Picking back up from my last post about conference autonomy or "conference deregulation" as someone else mentioned, the ACC was pushing this so they can do away with divisions and rotate through the conference more often than once in every six years. It's currently a huge issue among ADs in the ACC which is why the 9 game conference schedule is going to get voted on.
The other problem with the 2 divisions set up is that you would need to expand in pairs, the ACC is waiting on ND to go all in and then their expansion partner would then be chosen. Conference deregulation and a conference without divisions would also get rid of this problem and allow a conference to expand with 1. So in theory with a 15 team conference, UConn's schedule could have BC and SU as annual opponents and cycle through everybody else in 4 seasons with an 8 game conference schedule. If a 16th school is added, the ACC could go to a 9 game schedule, each team plays 3 annual opponents and cycles through everybody else in 4 seasons.
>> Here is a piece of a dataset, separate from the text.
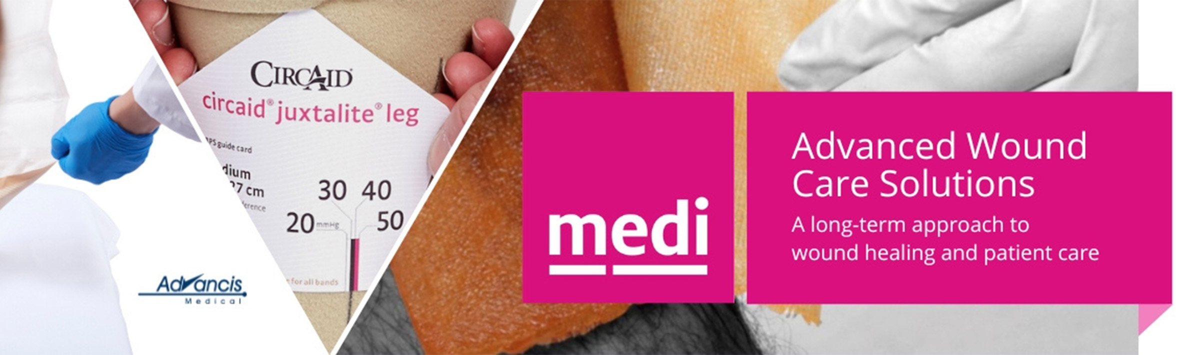 The medi organization has been delivering high-value, effective solutions in the wound-care sector for decades. Known for their comprehensive line of mediven compression stockings, and circaid inelastic compression wraps, medi recently partnered with UK based Advancis Medical to bring their highly advanced, 2nd generation wound care products to the U.S. market.

The ACC could do this right now if they wanted to, but the rules are that you have to have 2 divisions to play a conference championship game and the ACC would be missing out on millions, so this idea is DOA.
The other problem, let's say the Golden Domers do the unthinkable and join the ACC in football and UConn comes aboard with them. The divisions would surely need to be reshuffled and cross-division games would need to be re-done. This is a near impossible task and it's been attempted before, but to no avail.
To sum everything up, conference deregulation and/or Notre Dame making a move is the key to the ACC expanding.
As someone mentioned already, Louisville was the ACC's move to strengthen itself in football which it badly needed. If VT and Miami were still at the top of their game, maybe the ACC would have went with UConn.
I've recently had these conference realignment discussions with fellow ACC fans and most were holding out hope that if the Big12 did not extend their GoR, then in several years the ACC could possibly persuade UT or WVU. I felt this was the wrong strategy as UT is way out the ACC's target region and while WVU is solid in both football and basketball, UConn has more to offer in several key areas (though not as strong as WVU in football). Most importantly to me, if the ACC is going to make an effort to go after the highly populated NE market, it needs to make another push in that territory and not risk another P5 conference (BigTen) possibly strengthening it's position in that region.